With decentralized coordination, the RTI coordinates startup, shutdown, and clock synchronization, but is otherwise not involved in the execution of the distributed program.

In decentralized coordination, each federate and some reactions have a safe-to-process (STP) offset. When one federate communicates with another, it does so directly through a dedicated socket without going through the RTI. Moreover, it does not consult the RTI to advance logical time. Instead, it can advance its logical time to t when its physical clock matches or exceeds t + STP.

By default, the STP is zero. An STP of zero is OK for any federate where either every logical connection into the federate has a sufficiently large after clause, or the federate has only one upstream federate sending it messages and it has no local timers or actions. The value of the after delay on each connection must exceed the sum of the clock synchronization error E, a bound L on the network latency, and the time lag on the sender D (the physical time at which it sends the message minus the timestamp of the message). The sender's time lag D can be enforced by using a deadline. For example:

target C { timeout: 5 sec, coordination: decentralized } import Count, Print from "Federated.lf" reactor PrintTimer extends Print { timer t(0, 1 sec) reaction(t) {= lf_print("Timer ticked at (%lld, %d).", lf_time_logical_elapsed(), lf_tag().microstep ); =} } federated reactor { c = new Count() p = new PrintTimer() c.out -> p.in after 10 msec }

This example inherits from the Federated example above. In this example, as long as the messages from federate c arrive at federate p within 10 msec, all messages will be processed in tag order, as with an unfederated program.

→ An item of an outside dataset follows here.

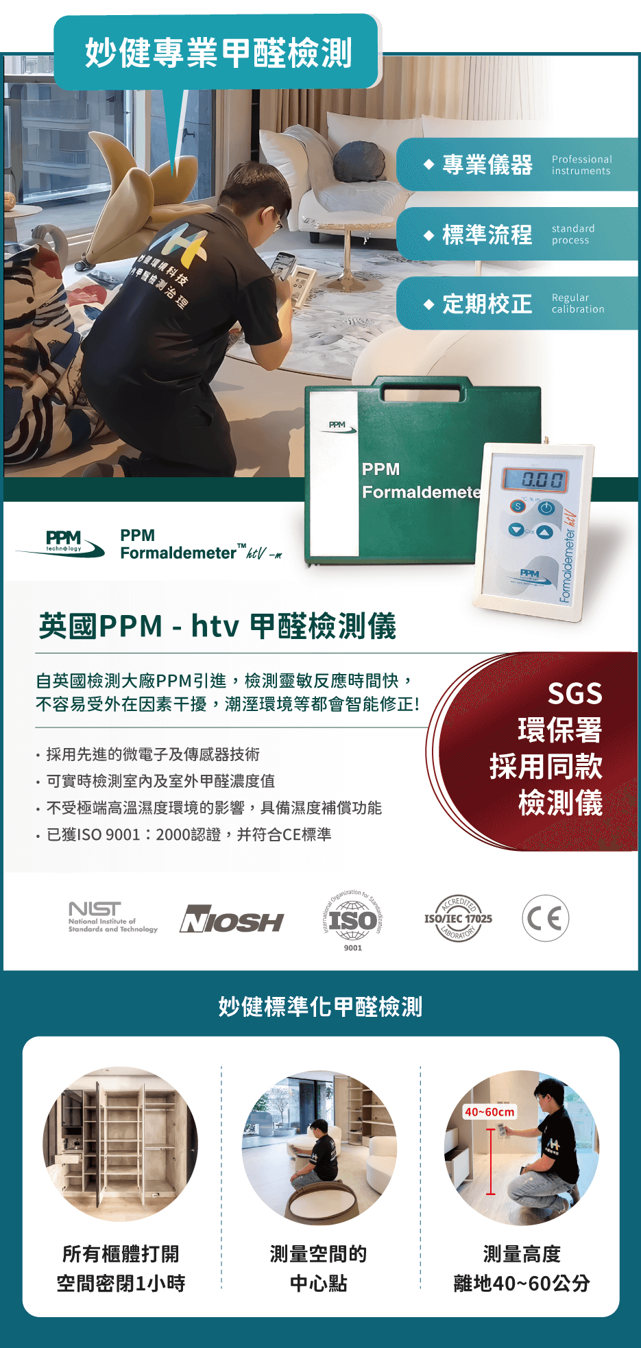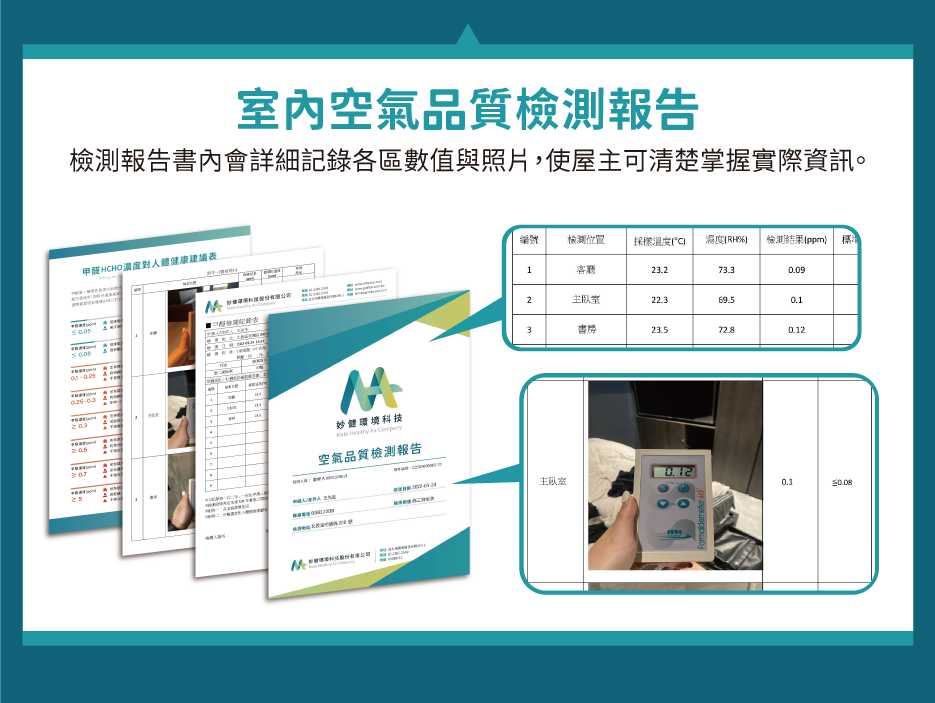 妙健培訓的專業工程人員,使用與 SGS、行政院環保署同款甲醛檢測儀 —「英國 PPM – htv 甲醛檢測儀」,並遵循與法規相同的標準化的檢測方式,距離門、窗、牆50公分以上之空間中心點 & 高度 40~60 公分處採樣檢測,以密閉一小時累積平均濃度為標準數值。

An alternative to the after delays is to add an STP offset to downstream federates, as in the following example:

target C { timeout: 5 sec, coordination: decentralized } import Count, Print from "Federated.lf" reactor PrintTimer(STP_offset: time = 10 msec) extends Print { timer t(0, 1 sec) reaction(t) {= lf_print("Timer ticked at (%lld, %d).", lf_time_logical_elapsed(), lf_tag().microstep ); =} } federated reactor { c = new Count() p = new PrintTimer() c.out -> p.in }

Here, a parameter named STP_offset (not case sensitive) gives a time value, and the federate waits this specified amount of time (physical time) beyond a logical time t before advancing its logical time to t. In the above example, reactions to the timer events will be delayed by the amount specified by the STP_offset parameter. Just as with the use of after, if the STP_offset exceeds the sum of network latency, clock synchronization error, and execution times, then all events will be processed in tag order.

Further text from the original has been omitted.